Stored data entries –
───

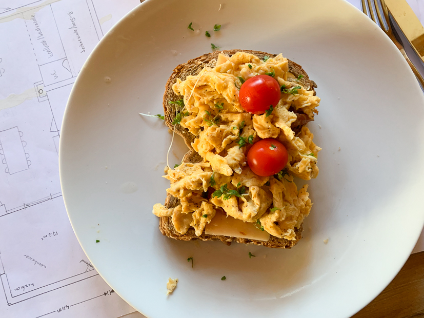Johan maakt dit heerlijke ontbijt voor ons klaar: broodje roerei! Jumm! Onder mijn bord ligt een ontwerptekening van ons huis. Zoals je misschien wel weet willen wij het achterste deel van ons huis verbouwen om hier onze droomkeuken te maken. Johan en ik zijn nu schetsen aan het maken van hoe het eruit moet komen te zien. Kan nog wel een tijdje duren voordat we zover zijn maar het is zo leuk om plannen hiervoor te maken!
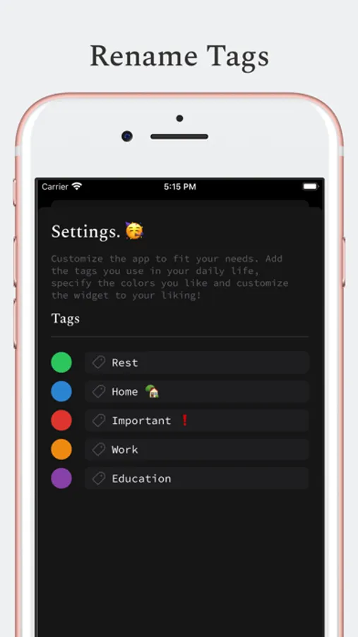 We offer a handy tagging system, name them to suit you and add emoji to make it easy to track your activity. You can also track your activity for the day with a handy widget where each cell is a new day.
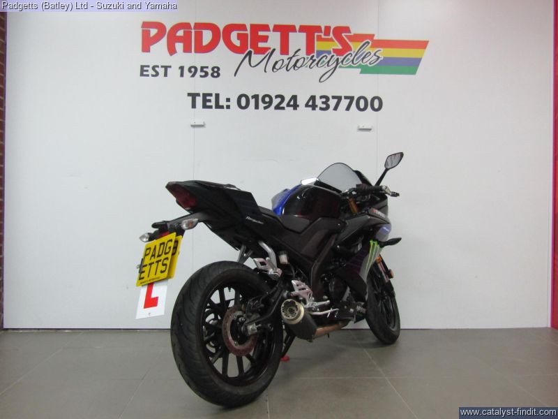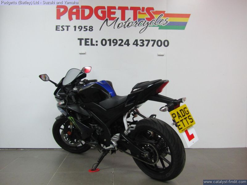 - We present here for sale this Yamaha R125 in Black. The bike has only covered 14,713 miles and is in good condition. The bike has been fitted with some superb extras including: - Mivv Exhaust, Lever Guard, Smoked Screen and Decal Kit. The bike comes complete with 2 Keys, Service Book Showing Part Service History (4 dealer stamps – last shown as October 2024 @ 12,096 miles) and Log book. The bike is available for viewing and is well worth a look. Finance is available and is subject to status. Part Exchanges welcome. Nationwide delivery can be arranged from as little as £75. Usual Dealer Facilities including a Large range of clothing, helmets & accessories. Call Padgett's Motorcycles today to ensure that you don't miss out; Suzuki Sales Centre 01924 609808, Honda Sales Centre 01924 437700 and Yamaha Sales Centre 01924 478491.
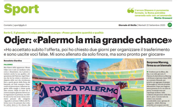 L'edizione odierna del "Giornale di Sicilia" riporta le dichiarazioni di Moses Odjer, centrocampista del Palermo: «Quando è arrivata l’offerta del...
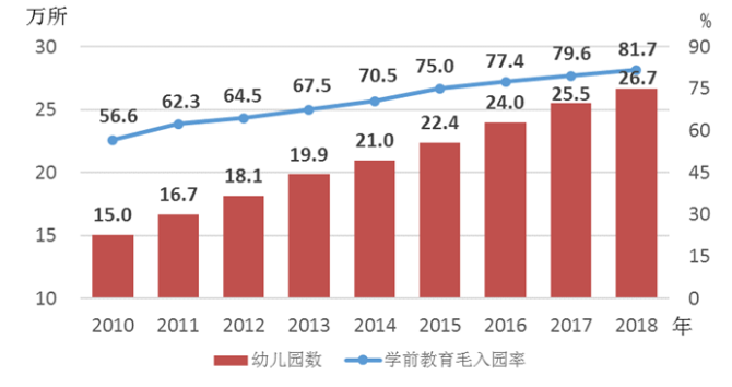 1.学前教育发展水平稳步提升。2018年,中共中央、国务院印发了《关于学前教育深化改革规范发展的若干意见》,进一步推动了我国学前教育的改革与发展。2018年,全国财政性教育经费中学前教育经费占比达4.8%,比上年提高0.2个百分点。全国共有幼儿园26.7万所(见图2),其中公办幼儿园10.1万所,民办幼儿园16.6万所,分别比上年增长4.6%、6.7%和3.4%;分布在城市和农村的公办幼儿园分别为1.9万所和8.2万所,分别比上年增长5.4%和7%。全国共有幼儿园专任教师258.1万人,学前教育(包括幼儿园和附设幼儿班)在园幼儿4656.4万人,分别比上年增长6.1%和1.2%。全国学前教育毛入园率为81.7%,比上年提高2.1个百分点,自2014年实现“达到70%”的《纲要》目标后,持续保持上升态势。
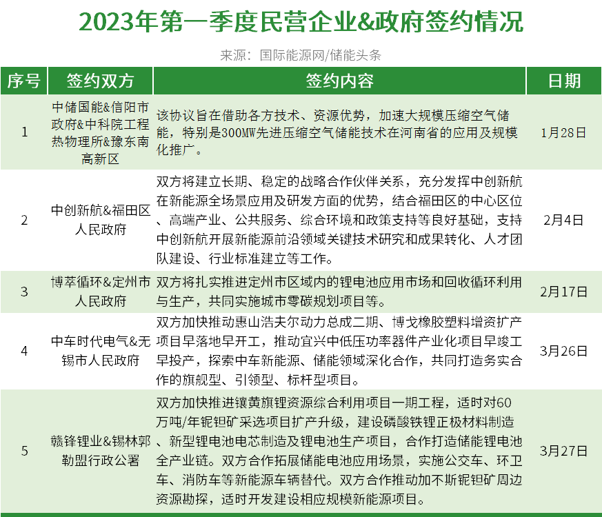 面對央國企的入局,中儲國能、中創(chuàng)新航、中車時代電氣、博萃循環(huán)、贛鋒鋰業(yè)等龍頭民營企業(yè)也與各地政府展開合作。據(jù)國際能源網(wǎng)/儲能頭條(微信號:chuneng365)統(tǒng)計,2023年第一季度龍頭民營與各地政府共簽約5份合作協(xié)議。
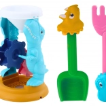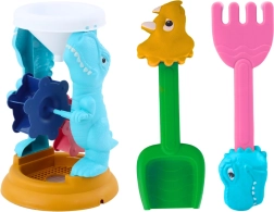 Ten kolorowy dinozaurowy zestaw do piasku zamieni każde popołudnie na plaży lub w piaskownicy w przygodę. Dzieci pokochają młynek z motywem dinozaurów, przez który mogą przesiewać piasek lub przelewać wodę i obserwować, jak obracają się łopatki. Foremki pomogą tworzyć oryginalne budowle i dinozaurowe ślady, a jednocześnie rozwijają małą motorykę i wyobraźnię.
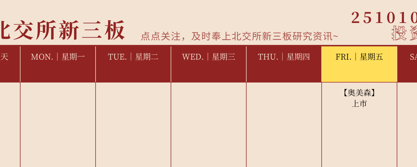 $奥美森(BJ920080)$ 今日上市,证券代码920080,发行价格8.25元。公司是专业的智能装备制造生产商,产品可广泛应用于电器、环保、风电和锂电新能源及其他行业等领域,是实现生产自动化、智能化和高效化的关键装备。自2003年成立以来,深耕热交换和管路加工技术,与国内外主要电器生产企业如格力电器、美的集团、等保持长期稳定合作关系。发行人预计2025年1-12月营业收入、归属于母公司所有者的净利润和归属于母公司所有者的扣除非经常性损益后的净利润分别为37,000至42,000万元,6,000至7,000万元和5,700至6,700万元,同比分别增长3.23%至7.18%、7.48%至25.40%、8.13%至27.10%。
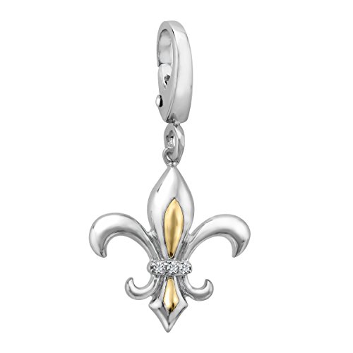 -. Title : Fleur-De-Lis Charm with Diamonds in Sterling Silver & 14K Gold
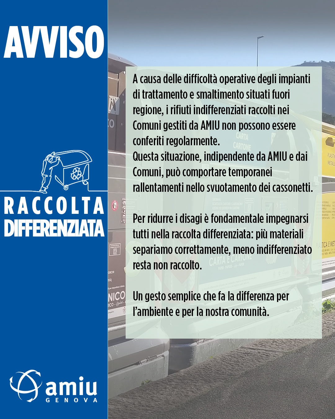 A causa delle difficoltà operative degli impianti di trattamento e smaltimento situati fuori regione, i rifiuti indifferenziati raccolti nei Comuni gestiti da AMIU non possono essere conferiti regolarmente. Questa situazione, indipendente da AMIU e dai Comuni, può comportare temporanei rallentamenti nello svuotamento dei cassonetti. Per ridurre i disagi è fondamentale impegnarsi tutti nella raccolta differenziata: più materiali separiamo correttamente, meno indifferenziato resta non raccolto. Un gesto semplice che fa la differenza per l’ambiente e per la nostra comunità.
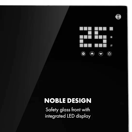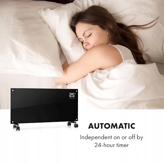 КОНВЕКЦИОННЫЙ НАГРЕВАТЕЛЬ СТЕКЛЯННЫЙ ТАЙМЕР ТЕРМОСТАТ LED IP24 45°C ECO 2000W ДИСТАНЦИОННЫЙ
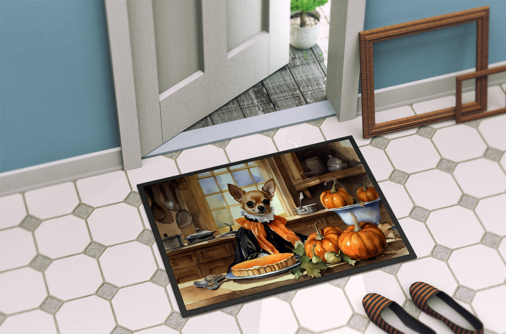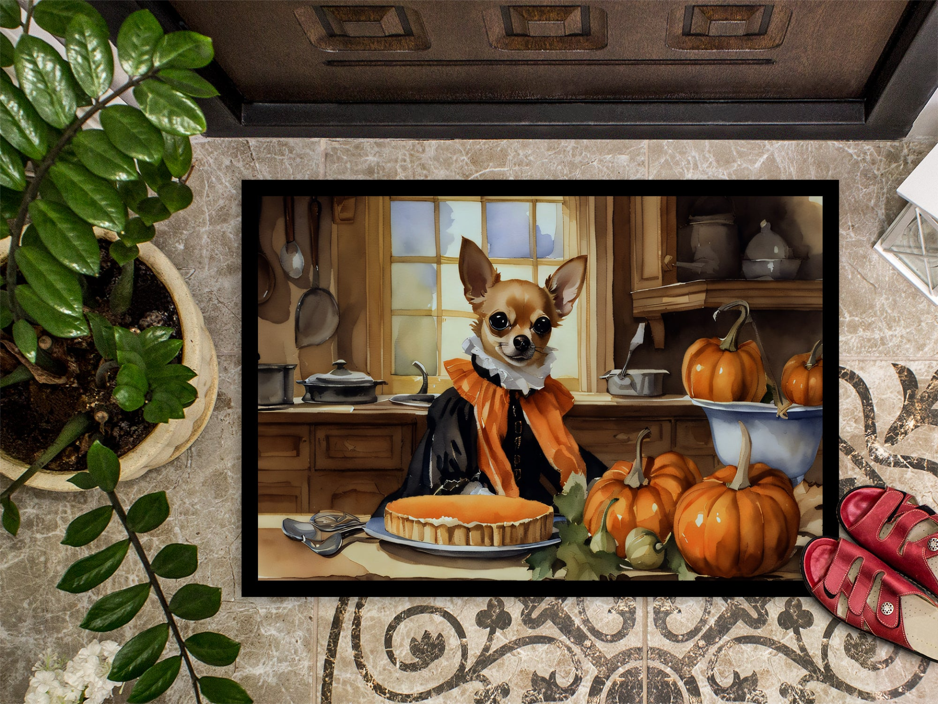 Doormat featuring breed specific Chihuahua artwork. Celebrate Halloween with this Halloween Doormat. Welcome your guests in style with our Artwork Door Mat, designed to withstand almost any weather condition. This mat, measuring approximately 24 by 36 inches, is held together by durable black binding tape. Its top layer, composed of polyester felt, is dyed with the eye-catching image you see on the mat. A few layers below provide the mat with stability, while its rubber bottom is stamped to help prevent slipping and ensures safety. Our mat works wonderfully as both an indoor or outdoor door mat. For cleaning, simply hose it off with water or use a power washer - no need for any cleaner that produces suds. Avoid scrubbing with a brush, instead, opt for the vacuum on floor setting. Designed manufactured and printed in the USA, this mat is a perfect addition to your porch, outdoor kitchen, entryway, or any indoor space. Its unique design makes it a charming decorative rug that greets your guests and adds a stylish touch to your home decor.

───

WHAT YOU ARE ASKED TO DO – Output every record above exactly, leaving out the pictures.

RESULT OF THE TASK –
Johan maakt dit heerlijke ontbijt voor ons klaar: broodje roerei! Jumm! Onder mijn bord ligt een ontwerptekening van ons huis. Zoals je misschien wel weet willen wij het achterste deel van ons huis verbouwen om hier onze droomkeuken te maken. Johan en ik zijn nu schetsen aan het maken van hoe het eruit moet komen te zien. Kan nog wel een tijdje duren voordat we zover zijn maar het is zo leuk om plannen hiervoor te maken!
 We offer a handy tagging system, name them to suit you and add emoji to make it easy to track your activity. You can also track your activity for the day with a handy widget where each cell is a new day.
 - We present here for sale this Yamaha R125 in Black. The bike has only covered 14,713 miles and is in good condition. The bike has been fitted with some superb extras including: - Mivv Exhaust, Lever Guard, Smoked Screen and Decal Kit. The bike comes complete with 2 Keys, Service Book Showing Part Service History (4 dealer stamps – last shown as October 2024 @ 12,096 miles) and Log book. The bike is available for viewing and is well worth a look. Finance is available and is subject to status. Part Exchanges welcome. Nationwide delivery can be arranged from as little as £75. Usual Dealer Facilities including a Large range of clothing, helmets & accessories. Call Padgett's Motorcycles today to ensure that you don't miss out; Suzuki Sales Centre 01924 609808, Honda Sales Centre 01924 437700 and Yamaha Sales Centre 01924 478491.
 L'edizione odierna del "Giornale di Sicilia" riporta le dichiarazioni di Moses Odjer, centrocampista del Palermo: «Quando è arrivata l’offerta del...
 1.学前教育发展水平稳步提升。2018年,中共中央、国务院印发了《关于学前教育深化改革规范发展的若干意见》,进一步推动了我国学前教育的改革与发展。2018年,全国财政性教育经费中学前教育经费占比达4.8%,比上年提高0.2个百分点。全国共有幼儿园26.7万所(见图2),其中公办幼儿园10.1万所,民办幼儿园16.6万所,分别比上年增长4.6%、6.7%和3.4%;分布在城市和农村的公办幼儿园分别为1.9万所和8.2万所,分别比上年增长5.4%和7%。全国共有幼儿园专任教师258.1万人,学前教育(包括幼儿园和附设幼儿班)在园幼儿4656.4万人,分别比上年增长6.1%和1.2%。全国学前教育毛入园率为81.7%,比上年提高2.1个百分点,自2014年实现“达到70%”的《纲要》目标后,持续保持上升态势。
 面對央國企的入局,中儲國能、中創(chuàng)新航、中車時代電氣、博萃循環(huán)、贛鋒鋰業(yè)等龍頭民營企業(yè)也與各地政府展開合作。據(jù)國際能源網(wǎng)/儲能頭條(微信號:chuneng365)統(tǒng)計,2023年第一季度龍頭民營與各地政府共簽約5份合作協(xié)議。
 Ten kolorowy dinozaurowy zestaw do piasku zamieni każde popołudnie na plaży lub w piaskownicy w przygodę. Dzieci pokochają młynek z motywem dinozaurów, przez który mogą przesiewać piasek lub przelewać wodę i obserwować, jak obracają się łopatki. Foremki pomogą tworzyć oryginalne budowle i dinozaurowe ślady, a jednocześnie rozwijają małą motorykę i wyobraźnię.
 $奥美森(BJ920080)$ 今日上市,证券代码920080,发行价格8.25元。公司是专业的智能装备制造生产商,产品可广泛应用于电器、环保、风电和锂电新能源及其他行业等领域,是实现生产自动化、智能化和高效化的关键装备。自2003年成立以来,深耕热交换和管路加工技术,与国内外主要电器生产企业如格力电器、美的集团、等保持长期稳定合作关系。发行人预计2025年1-12月营业收入、归属于母公司所有者的净利润和归属于母公司所有者的扣除非经常性损益后的净利润分别为37,000至42,000万元,6,000至7,000万元和5,700至6,700万元,同比分别增长3.23%至7.18%、7.48%至25.40%、8.13%至27.10%。
 -. Title : Fleur-De-Lis Charm with Diamonds in Sterling Silver & 14K Gold
 A causa delle difficoltà operative degli impianti di trattamento e smaltimento situati fuori regione, i rifiuti indifferenziati raccolti nei Comuni gestiti da AMIU non possono essere conferiti regolarmente. Questa situazione, indipendente da AMIU e dai Comuni, può comportare temporanei rallentamenti nello svuotamento dei cassonetti. Per ridurre i disagi è fondamentale impegnarsi tutti nella raccolta differenziata: più materiali separiamo correttamente, meno indifferenziato resta non raccolto. Un gesto semplice che fa la differenza per l’ambiente e per la nostra comunità.
 КОНВЕКЦИОННЫЙ НАГРЕВАТЕЛЬ СТЕКЛЯННЫЙ ТАЙМЕР ТЕРМОСТАТ LED IP24 45°C ECO 2000W ДИСТАНЦИОННЫЙ
 Doormat featuring breed specific Chihuahua artwork. Celebrate Halloween with this Halloween Doormat. Welcome your guests in style with our Artwork Door Mat, designed to withstand almost any weather condition. This mat, measuring approximately 24 by 36 inches, is held together by durable black binding tape. Its top layer, composed of polyester felt, is dyed with the eye-catching image you see on the mat. A few layers below provide the mat with stability, while its rubber bottom is stamped to help prevent slipping and ensures safety. Our mat works wonderfully as both an indoor or outdoor door mat. For cleaning, simply hose it off with water or use a power washer - no need for any cleaner that produces suds. Avoid scrubbing with a brush, instead, opt for the vacuum on floor setting. Designed manufactured and printed in the USA, this mat is a perfect addition to your porch, outdoor kitchen, entryway, or any indoor space. Its unique design makes it a charming decorative rug that greets your guests and adds a stylish touch to your home decor.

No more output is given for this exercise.